§ **Task to complete**
Starting with the line that has "牛乳パックで生まれ変わったティッシュ" in the records below and stopping after the line that has "L biotop sota", output every line exactly and nothing else; skip pictures.

(Items from a dataset)
◇ ◇ ◇ ◇

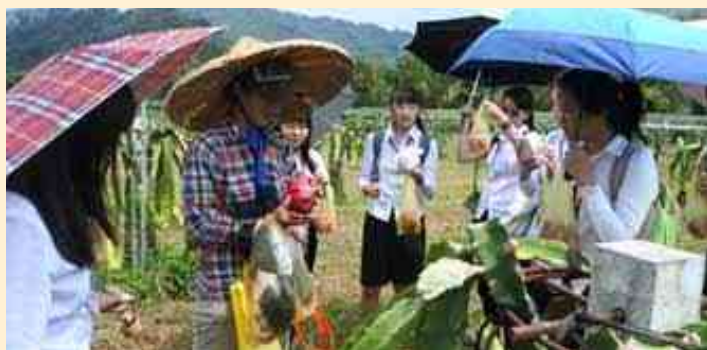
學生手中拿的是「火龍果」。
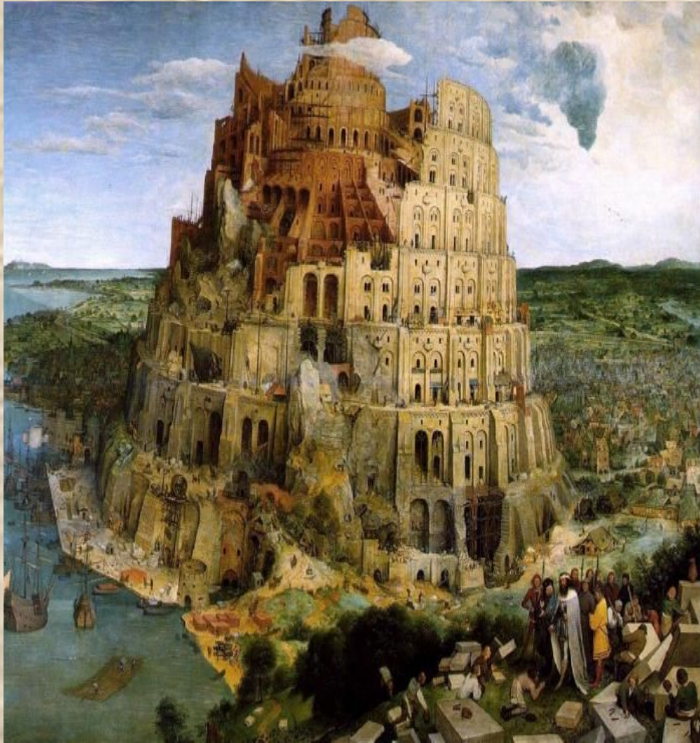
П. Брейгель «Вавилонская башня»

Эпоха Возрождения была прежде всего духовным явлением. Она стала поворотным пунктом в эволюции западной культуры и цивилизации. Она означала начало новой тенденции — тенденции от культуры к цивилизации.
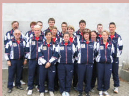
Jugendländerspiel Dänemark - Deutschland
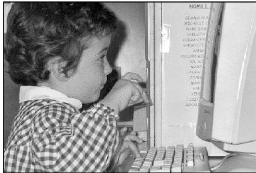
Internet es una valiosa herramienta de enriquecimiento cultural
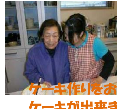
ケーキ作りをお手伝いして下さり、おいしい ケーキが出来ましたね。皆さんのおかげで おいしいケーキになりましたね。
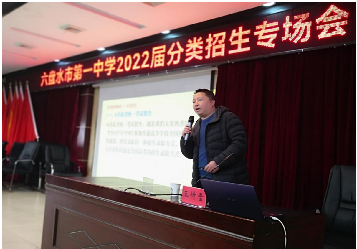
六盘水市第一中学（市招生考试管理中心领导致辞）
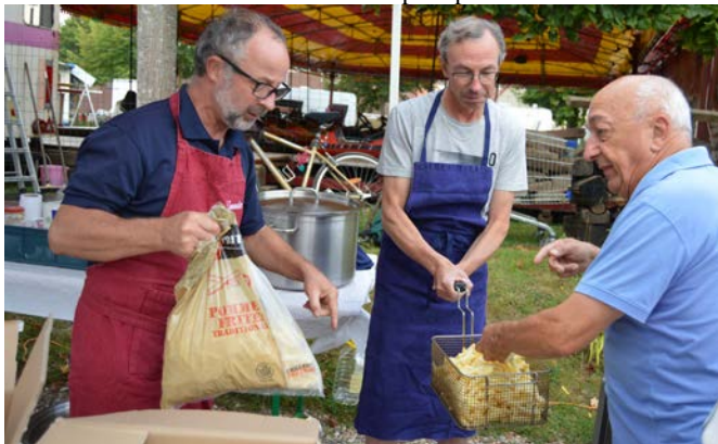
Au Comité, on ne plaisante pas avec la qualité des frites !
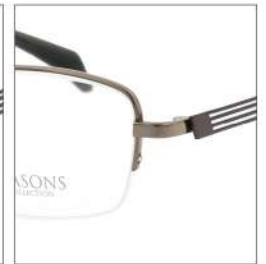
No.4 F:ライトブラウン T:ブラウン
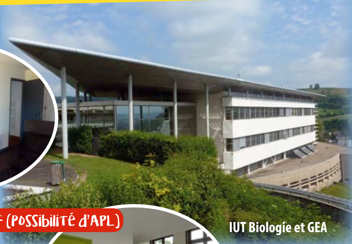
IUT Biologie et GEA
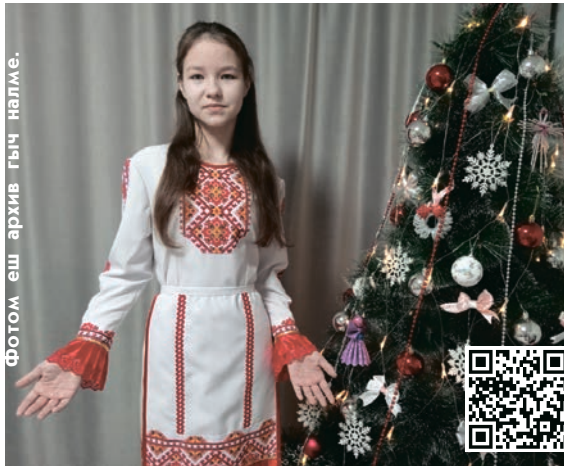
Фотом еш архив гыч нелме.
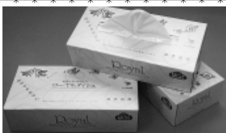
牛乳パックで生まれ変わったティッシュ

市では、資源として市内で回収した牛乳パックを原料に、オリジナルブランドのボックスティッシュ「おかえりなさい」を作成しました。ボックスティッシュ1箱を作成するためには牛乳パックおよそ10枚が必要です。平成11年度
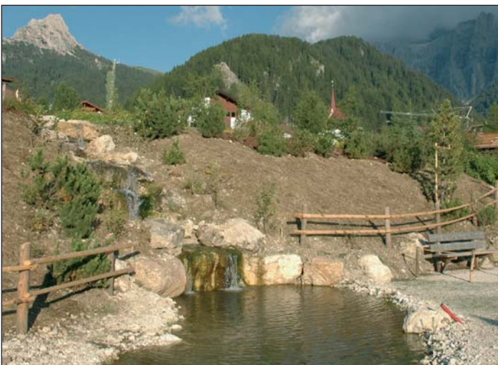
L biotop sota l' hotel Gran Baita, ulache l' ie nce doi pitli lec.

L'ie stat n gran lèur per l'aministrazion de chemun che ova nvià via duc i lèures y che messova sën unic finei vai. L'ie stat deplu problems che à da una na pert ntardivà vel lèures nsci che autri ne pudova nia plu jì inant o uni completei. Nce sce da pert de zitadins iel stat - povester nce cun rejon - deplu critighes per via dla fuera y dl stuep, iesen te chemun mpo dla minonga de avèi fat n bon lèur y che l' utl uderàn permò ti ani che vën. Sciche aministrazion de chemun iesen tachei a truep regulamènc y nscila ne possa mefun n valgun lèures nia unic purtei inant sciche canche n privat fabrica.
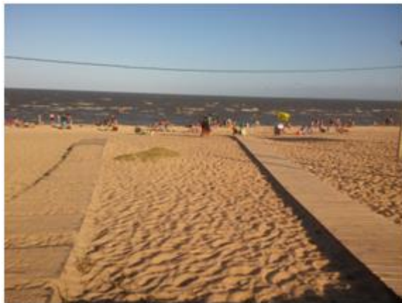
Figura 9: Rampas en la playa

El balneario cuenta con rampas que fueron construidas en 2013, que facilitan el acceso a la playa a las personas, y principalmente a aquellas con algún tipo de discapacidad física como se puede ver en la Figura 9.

◇ ◇ ◇ ◇

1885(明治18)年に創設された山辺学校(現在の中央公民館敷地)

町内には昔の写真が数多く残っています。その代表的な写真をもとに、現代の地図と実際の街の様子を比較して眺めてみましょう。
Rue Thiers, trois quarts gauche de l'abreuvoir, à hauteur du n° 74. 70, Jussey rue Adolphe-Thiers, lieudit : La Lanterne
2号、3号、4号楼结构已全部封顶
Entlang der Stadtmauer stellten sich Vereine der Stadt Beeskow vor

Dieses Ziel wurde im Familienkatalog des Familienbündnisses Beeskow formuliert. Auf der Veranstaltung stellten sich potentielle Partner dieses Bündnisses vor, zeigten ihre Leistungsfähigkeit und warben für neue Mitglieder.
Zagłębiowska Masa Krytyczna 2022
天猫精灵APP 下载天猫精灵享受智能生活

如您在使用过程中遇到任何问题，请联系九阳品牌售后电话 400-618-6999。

◇ ◇ ◇ ◇

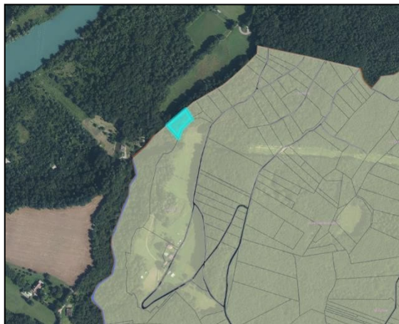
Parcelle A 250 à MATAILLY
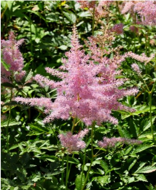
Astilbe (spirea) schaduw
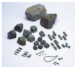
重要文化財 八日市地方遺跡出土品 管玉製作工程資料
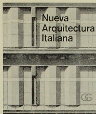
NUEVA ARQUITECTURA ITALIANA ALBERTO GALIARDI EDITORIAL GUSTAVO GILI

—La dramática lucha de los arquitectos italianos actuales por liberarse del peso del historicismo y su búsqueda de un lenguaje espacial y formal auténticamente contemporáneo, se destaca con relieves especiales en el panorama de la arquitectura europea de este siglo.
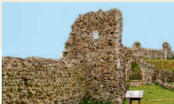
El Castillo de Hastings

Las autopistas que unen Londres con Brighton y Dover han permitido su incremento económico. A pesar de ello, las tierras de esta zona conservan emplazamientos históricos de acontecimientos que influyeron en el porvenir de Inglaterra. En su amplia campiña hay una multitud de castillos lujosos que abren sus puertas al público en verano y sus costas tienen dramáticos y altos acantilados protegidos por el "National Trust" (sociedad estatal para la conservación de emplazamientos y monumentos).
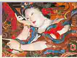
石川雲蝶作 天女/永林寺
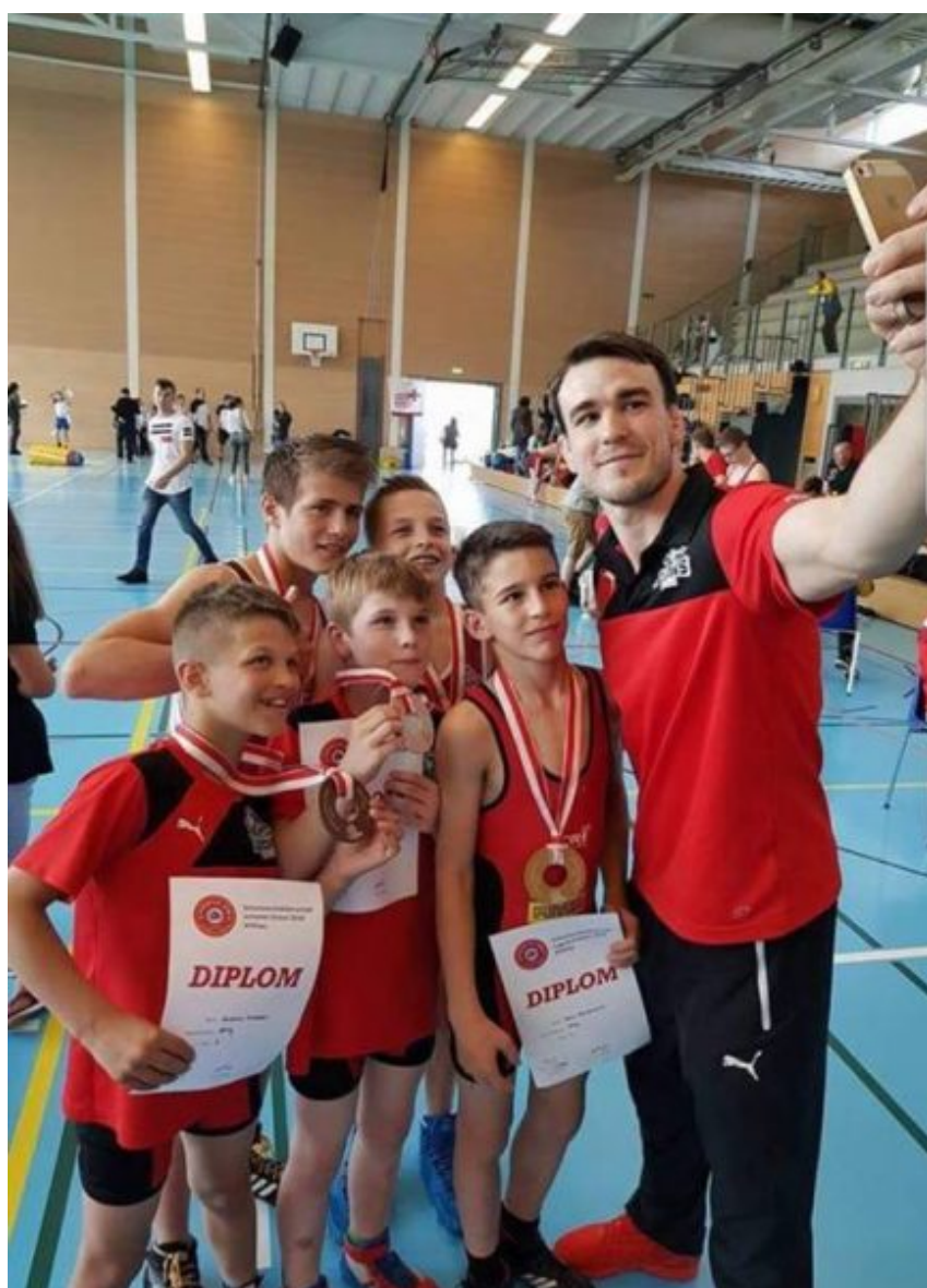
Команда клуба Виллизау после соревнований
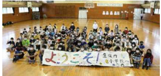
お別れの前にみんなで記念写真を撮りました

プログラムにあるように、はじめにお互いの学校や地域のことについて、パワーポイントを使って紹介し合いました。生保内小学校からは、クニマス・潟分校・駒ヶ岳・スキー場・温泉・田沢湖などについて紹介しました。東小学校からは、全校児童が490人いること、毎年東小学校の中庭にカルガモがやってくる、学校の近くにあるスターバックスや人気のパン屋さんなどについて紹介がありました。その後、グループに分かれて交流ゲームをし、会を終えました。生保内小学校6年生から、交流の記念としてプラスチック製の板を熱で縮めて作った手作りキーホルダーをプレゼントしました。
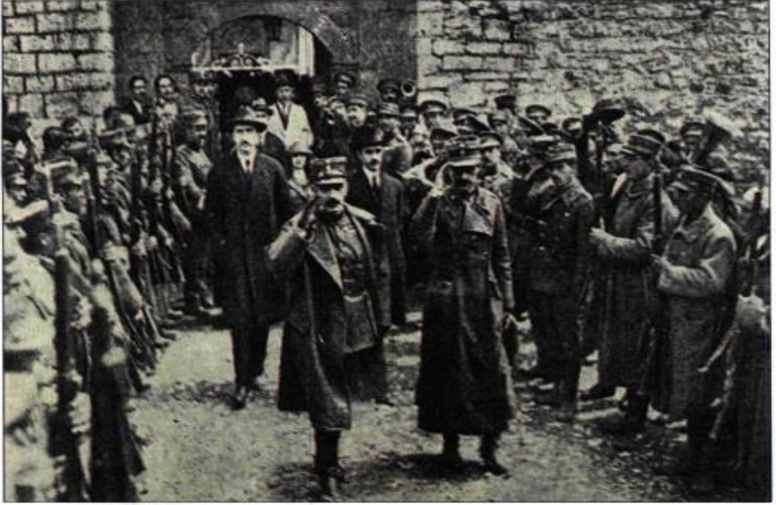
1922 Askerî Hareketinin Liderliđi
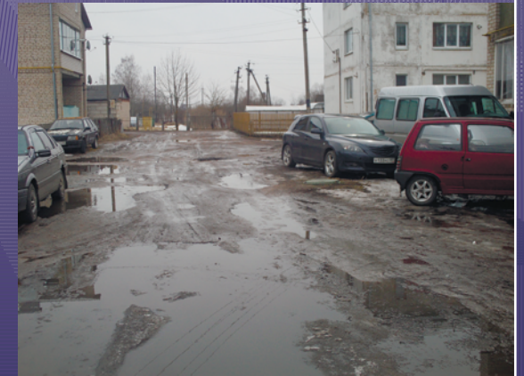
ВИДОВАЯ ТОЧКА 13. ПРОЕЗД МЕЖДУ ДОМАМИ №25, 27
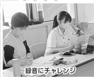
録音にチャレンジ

◇ ◇ ◇ ◇

§ **Task response**
牛乳パックで生まれ変わったティッシュ

市では、資源として市内で回収した牛乳パックを原料に、オリジナルブランドのボックスティッシュ「おかえりなさい」を作成しました。ボックスティッシュ1箱を作成するためには牛乳パックおよそ10枚が必要です。平成11年度
L biotop sota l' hotel Gran Baita, ulache l' ie nce doi pitli lec.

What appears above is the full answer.